Pada saat ini, dia mengetahui sesuatu yang terlarang untuk diketahuinya.
***
Yoo Sangah dengan cemas memandang pria di depannya setelah selesai bercerita untuk waktu yang lama tanpa diganggu.
—Jika ini dunia ilusi, maka 'Dokja-ssi' yang ada di sini tak ada hubungannya dengan Dokja-ssi.... Tapi....
Alasan dia ingin menceritakan tentang dunia itu pada pria di depannya adalah karena harapan samar bahwa dunia ini bukan benar-benar ilusi.
"Sangah-ssi, aku yang di sana apakah berhasil?" tanya pria di depannya.
"Ha?"
Yoo Sangah memasang wajah tidak mengerti. Apa maksudnya?
Pria itu mengulangi lagi pertanyaannya seolah-olah itu adalah hal terpenting yang ingin diketahuinya. Yoo Sangah menjawab setelah dua pertanyaan berulang.
"Jika yang Dokja-ssi maksud adalah mencapai akhir. Kau berhasil, Dokja-ssi."
Suaranya terdengar ceria agar pria di depannya berhenti memasang wajah serius. Yoo Sangah merasakan keganjilan saat mengamati perubahan ekspresi nya, pria di depannya seolah mengharapkan jawaban itu.
"Begitu, terimakasih."
Pria itu tersenyum cerah yang membuat Yoo Sangah tercengang.
"Dokja-ssi?"
Pada panggilannya, pria itu menatapnya kemudian menanyakan sesuatu yang mengejutkan.
"Sangah-ssi, misal kau terbangun nanti dan ini semua adalah mimpi, apa yang akan kau lakukan?"
"…"
Yoo Sangah tidak mau memikirkan itu, jika itu benar dan dia terbangun dalam situasi semacam itu, dia mungkin akan gila jika memang semua perjuangan, kematian, dan kesulitan, serta kebersamaan bersama orang yang dia kenal hanya mimpi...… Itu tidak mungkin. Itu terlalu nyata. Dia yakin tidak mungkin semua yang dia jalani adalah mimpi.
"Tolong jangan seperti itu, Dokja-ssi. Semua akan menjadi tidak berarti jika memang benar, aku lebih memilih tidak pernah terbangun."

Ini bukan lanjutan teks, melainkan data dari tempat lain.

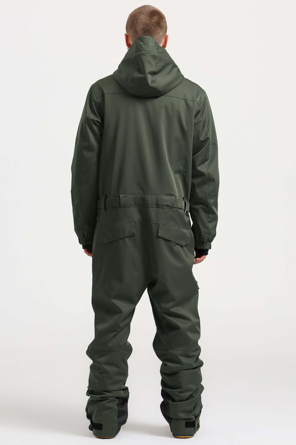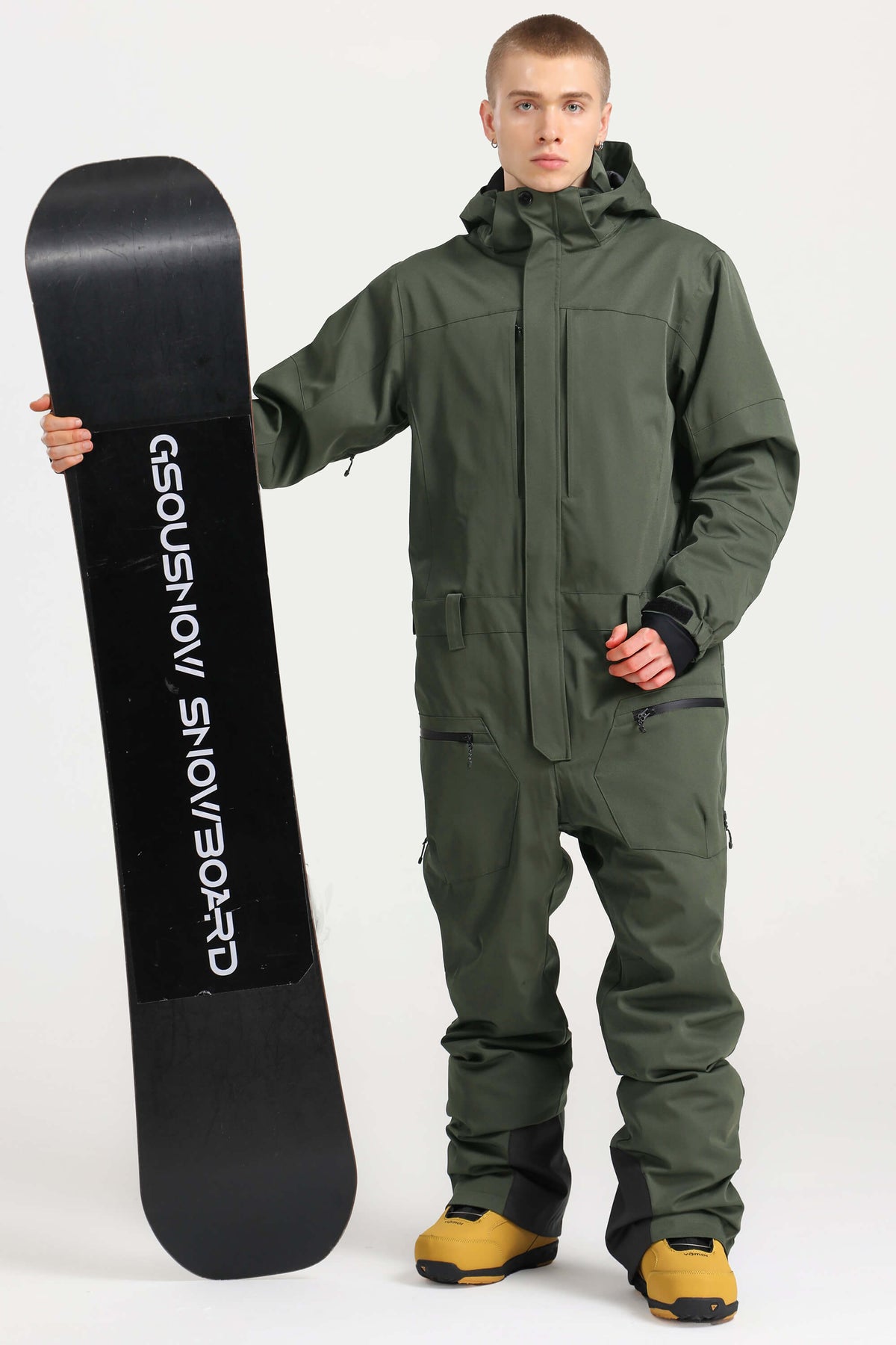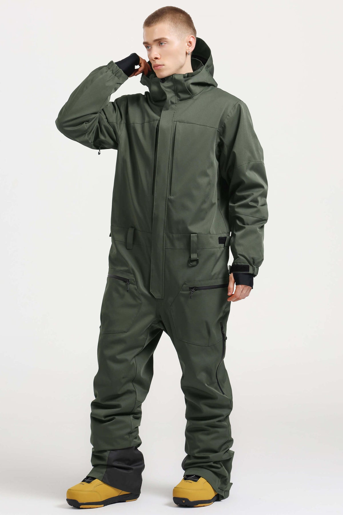 Men's Army Green Stylish Waterproof & Windproof Loose-Fit One-Piece Ski Suit with Detachable Hood & Multipockets

Itu adalah pernyataan paling berani yang bisa Yoo Sangah tuturkan. Namun, —
"Itu benar, itu akan menjadi tidak berarti, bukan?"
Suara pria itu perlahan terdengar serak seolah sedang menahan emosi. Yoo Sangah menyadari bahwa dia telah mengucapkan sesuatu yang salah. Dia ingin menarik pernyataannya, tapi sudah terlambat.
"Kembalilah, Yoo Sangah-ssi. Kembali ke mimpi abadi dari Nightmares."
Yoo Sangah membelalakkan matanya dan akan berteriak —
Pria itu menangkupkan tangannya ke pipinya dengan lembut sambil tersenyum, namun mata pria itu tidak ikut tersenyum.
"Dok…ja…ssi?"
"Tolong katakan kepada yang lainnya, permintaan maaf terdalamku karena mempermainkan kau dan mereka di dunia ilusi ini... lalu, satu hal lagi."
Pria itu membisikkan sisanya. Detik berikutnya wajah Yoo Sangah pucat pasi.